An exemption trust is any trust structure designed to take full advantage of a deceased person's estate and gift tax applicable exclusion amount, preventing that exemption from being wasted when assets pass to a surviving spouse. The most common version is the credit shelter trust, also called a bypass trust or A/B trust. Assets up to the exemption amount fund the trust at the first spouse's death. Those assets and all future appreciation stay permanently outside the surviving spouse's taxable estate. The surviving spouse benefits from the trust during their lifetime without owning it.
The 2025 federal estate tax exemption is $13,990,000 per individual. A married couple using an exemption trust correctly can shelter up to $27,980,000 from federal estate tax across both deaths.
Portability, enacted in 2010, lets a surviving spouse inherit the deceased spouse's unused exemption by filing a timely estate tax return. This seems to make exemption trusts redundant. In some situations, it does. But four planning advantages keep exemption trusts relevant even in the portability era.
The trust does not exist in any meaningful form during both spouses' lifetimes. It is created in the will or revocable living trust but only activates and receives assets when the first spouse dies. The executor funds the trust with assets equal to the deceased spouse's remaining exemption, typically by transferring specific assets or a fractional share of the estate.
Funding decisions matter. The executor should consider which assets have the highest growth potential for transfer into the trust, and which are better suited for the surviving spouse's direct ownership, where a step-up in basis at the second death would apply.

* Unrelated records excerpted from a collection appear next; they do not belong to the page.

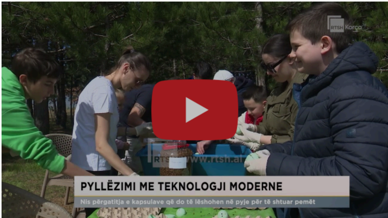
Pyllëzimi me teknologji moderne/nis përgatitja e kapsulave që do të lëshohen në pyje
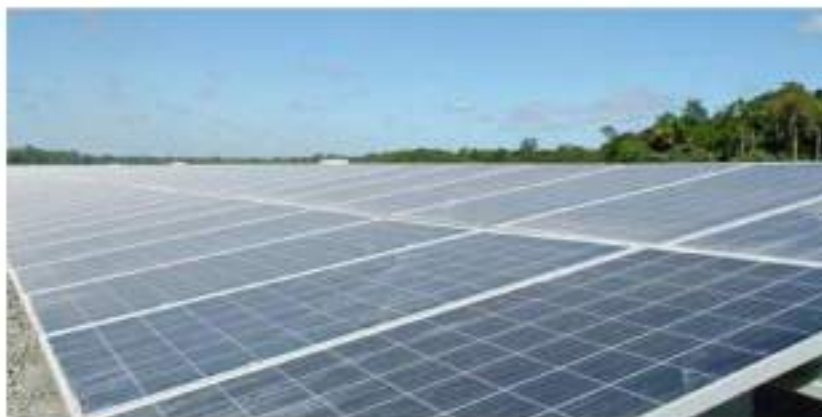
Zoiets zou het in het Lingedal geworden zijn.

Een gemeente moet onderbouwen waarom een nieuwe bestemming juist op die ene plek moet komen. Dat heet in het dagelijks gebruik 'de ladder van duurzame verstedelijking'.
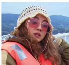
世界一運が悪い 占い師
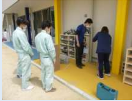
テクノボランティアによる地域連携

The elevated exemption of $13,990,000 per person is scheduled to expire after December 31, 2025 under the Tax Cuts and Jobs Act. Without congressional action, it falls to approximately $7,000,000 per person, adjusted for inflation, starting January 1, 2026. Couples whose combined estates could potentially exceed $14,000,000 in the future should review whether an exemption trust structure is properly drafted and funded before the sunset takes effect.